You are not logged in.
@ontobelli. Ok. Added to latest version.
Version 0.10.6 (13.08.2012)
*spruced up default blocklists entries in rc.conf.
*fixed small issue in hostsblock-urlcheck.
Check out hostsblock for system-wide ad- and malware-blocking.
Offline
Hi all. I've made a new homepage for hostsblock. Check it out: http://www.personal.psu.edu/jav209/scripting.html
Check out hostsblock for system-wide ad- and malware-blocking.
Offline
As far as I can see, the commands used in gaenserich's script for processing the files downloaded as well as black and white lists results in a shorter list of domains blocked.
I used the same black and white lists (including about 20-30 entries each) and the following lists:
http://hosts-file.net/ad_servers.asp
http://hostsfile.mine.nu/Hosts
http://www.hostsfile.org/Downloads/hosts.txt
http://pgl.yoyo.org/as/serverlist.php?h … =plaintext
http://someonewhocares.org/hosts/hosts
http://sysctl.org/cameleon/hosts
http://winhelp2002.mvps.org/hosts.txt
And ontobelli's script gave me a list of 127,361 domains while gaenserich's scripts listed 118,650 domains.
Offline
I haven't used ontobelli's script yet.
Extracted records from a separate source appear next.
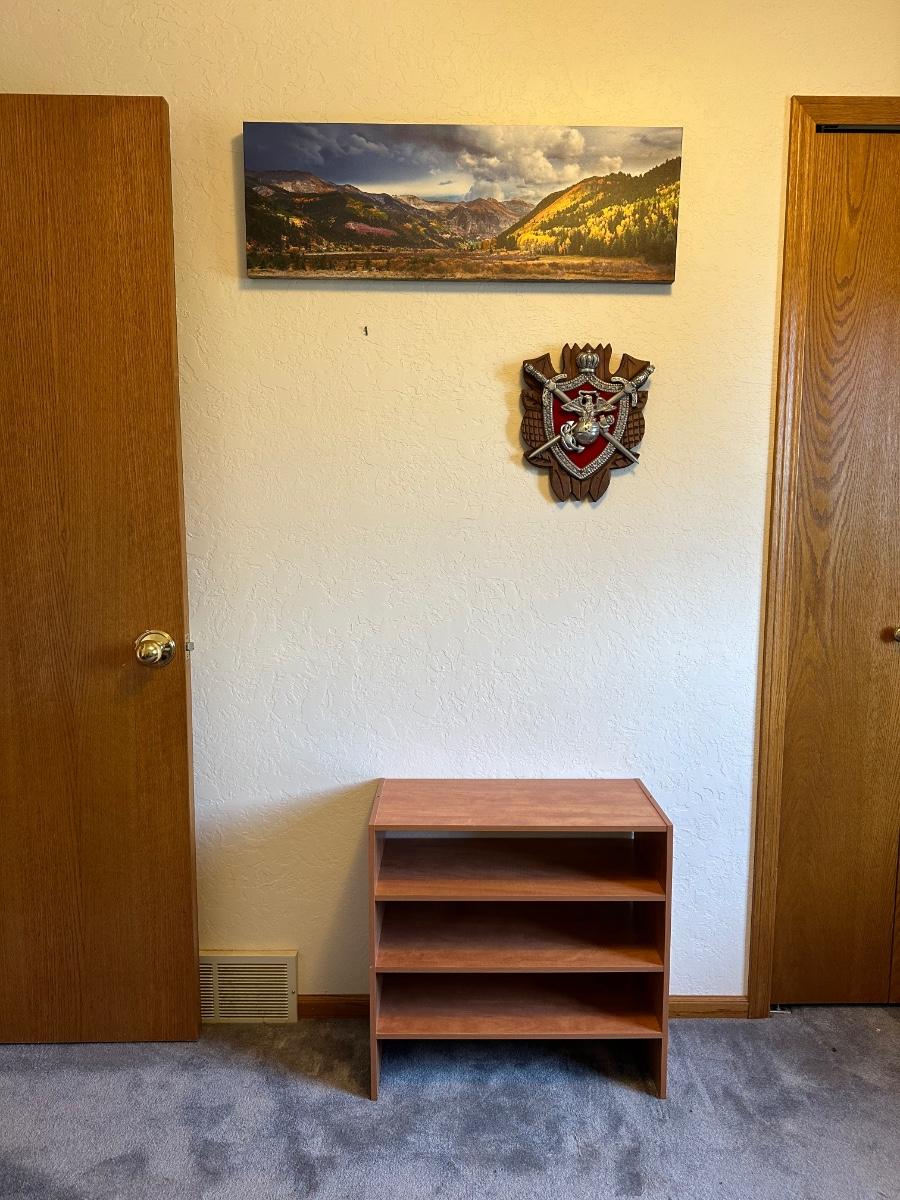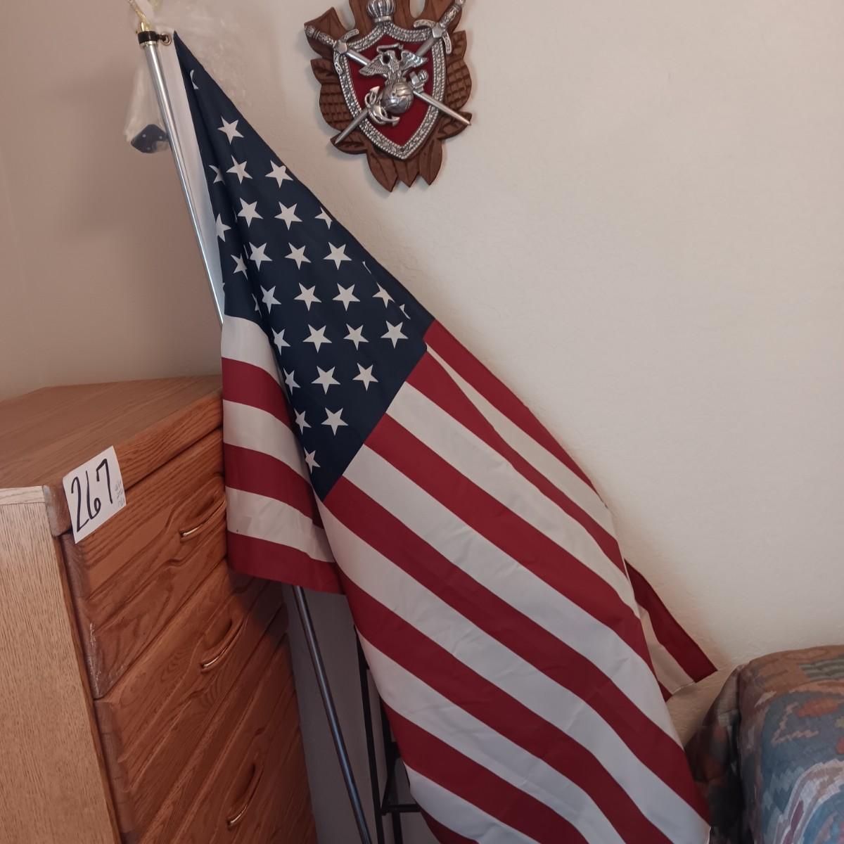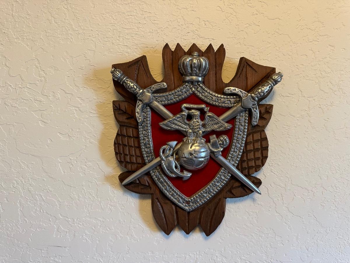 US NAVY WALL HUNG SEAL, PHOTO, US FLAG ON POLE AND A SMALL SHELF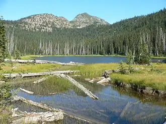 Dagger Lake is located in North Cascades National Park, in the U. S. state of Washington.[2] Dagger Lake is accessible via the Twisp Pass Trail and the lake is 7.6 mi (12.2 km) from the North Cascades Highway or 4.7 mi (7.6 km) from the Twisp River Road trailhead in Wenatchee National Forest.[3]
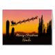 Una tarjeta de Navidad para tu tío que muestra a Santa volando sobre el desierto. Se ven muchos cactus altos en silueta. Desee una feliz Navidad desde el desierto con una hermosa tarjeta de color puesta de sol.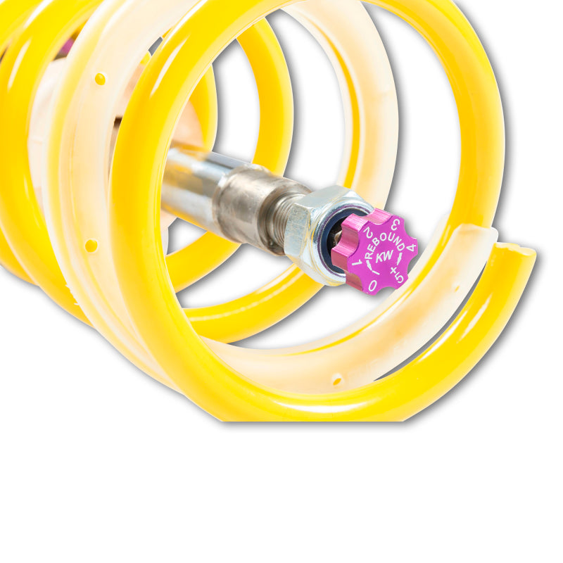 Unparalleled street performance bred from motorsports heritage, the patented KW-valve technology -or the separate Adjustment -f rebound and compression damping, allows you to individually adapt the vehicle-specific base setup.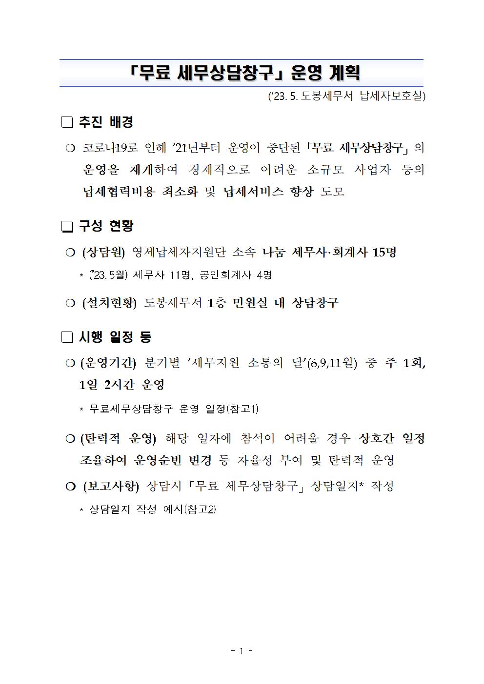 무료 세무상담 창구 운영계획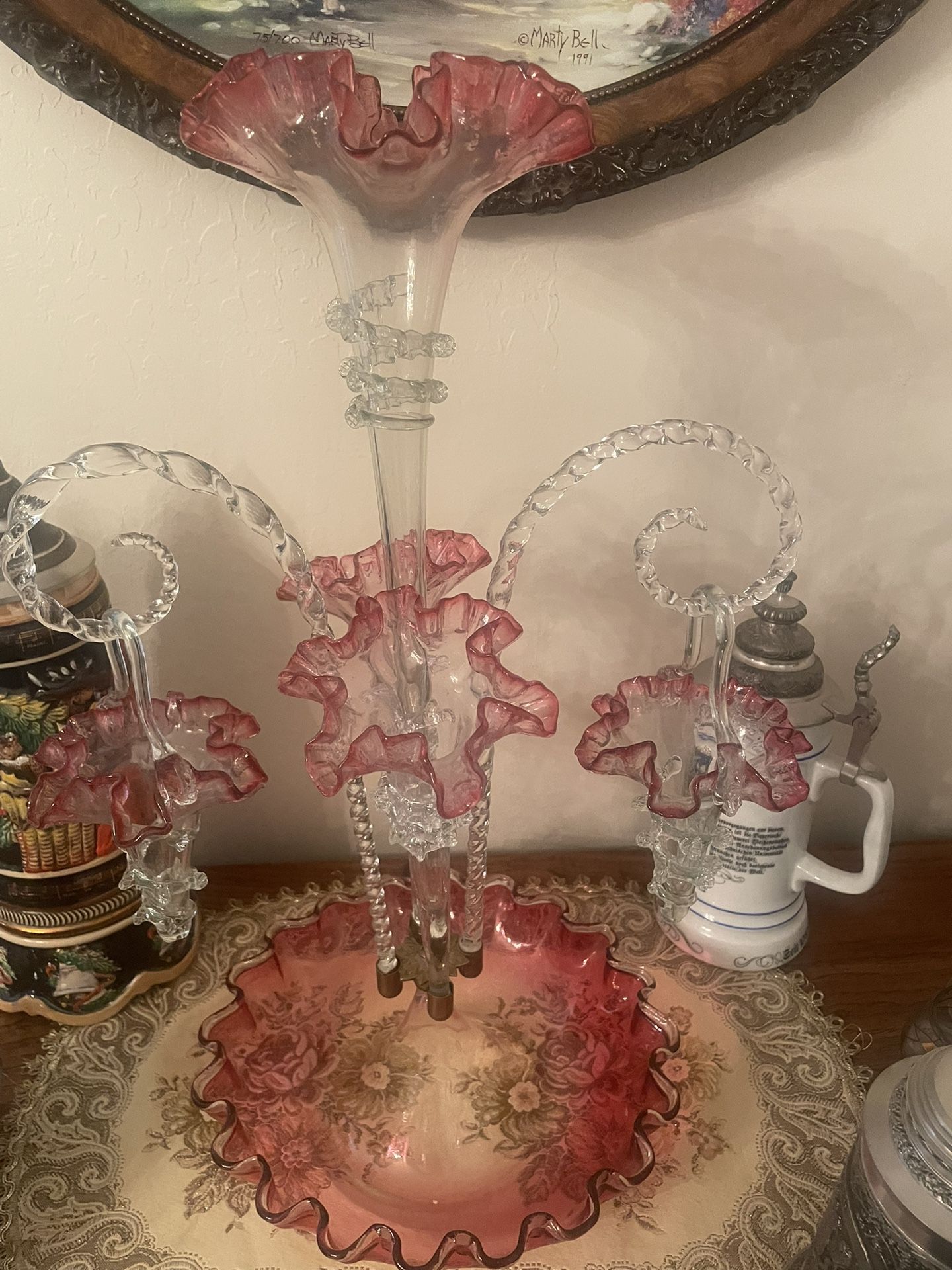 21” tall cranberry to clear glass Epergne. Center lily with four seated lilies surrounding, all with clear handled glass baskets and all with crimped cranberry edges. Ruffled with applied clear glass Rutgers to lilies. 10” diameter round conforming base plate cranberry with applied clear glass edges.

Assuming that they are both well sorted, could you perhaps diff the difference to see what the deal is?
Check out hostsblock for system-wide ad- and malware-blocking.
Offline
I tried both meld and diff but they don't seem to work properly with these files (due to their size?)
They can't even compare line by line.
Offline
Apparently my problem was caused by the fact that one had space and the other had tab as delimiter.
I'm not experienced in these, but Meld offered to save the differences in patch format, which you can find here:
http://minus.com/lbqPrrHUpCvjjm
I hope it helps...
Offline
Assuming hosts.block is from hostsblock, I did a quick scan to see if what was missing from your hosts.block was also missing from mine. I only got three results:
$ for LINE in `grep "^+" hosts.block\ -\ hosts.patch | sed "s/^+//g"`; do newline=`echo $LINE | sed "s|\.|\\\.|g"` ; if grep -E "[[:space:]]$newline" /etc/hosts.block &>/dev/null; then /bin/true; else echo "$LINE"; fi; done
adnet.com.tr
adtext.adnet.com.tr
www.adnet.com.tr
The three missing items might just be from a delayed update. This tells me at least that this probably isn't a sorting issue with hostsblock, but your cached blocklists aren't up to date somehow. If you delete all the files under "/var/cache/hostsblock" and then re-run, do you get different results?
Check out hostsblock for system-wide ad- and malware-blocking.
Offline
These 3 are from my own blacklist.
So I tested again, this time deleting the entire "/var/cache/hostsblock" (and also using no black or whitelist entries) and compared the resulting files: no difference this time -- except that one has "0.0.0.0 0.0.0.0" and the other has "0.0.0.0 127.0.0.1" which is trivial.
Thanks a lot...
Offline
A cosmetic suggestion:
- modifying date in echo -e "\nHostsblock started/completed at `date`\n" to $(date +"%x %R") (or even removing these 2 lines) and
- adding to the end of the script:
echo -e "Hostsblock updated $number domains on $(date +"%x %R")" >> "/etc/hostsblock/hostsblock.log"
Offline
Hi.
In general the script is working fine. But sometimes there are errors with the downloaded files that are not detected and the final hosts file is incomplete. The script should check time and size of the files, and the error status in case curl support it.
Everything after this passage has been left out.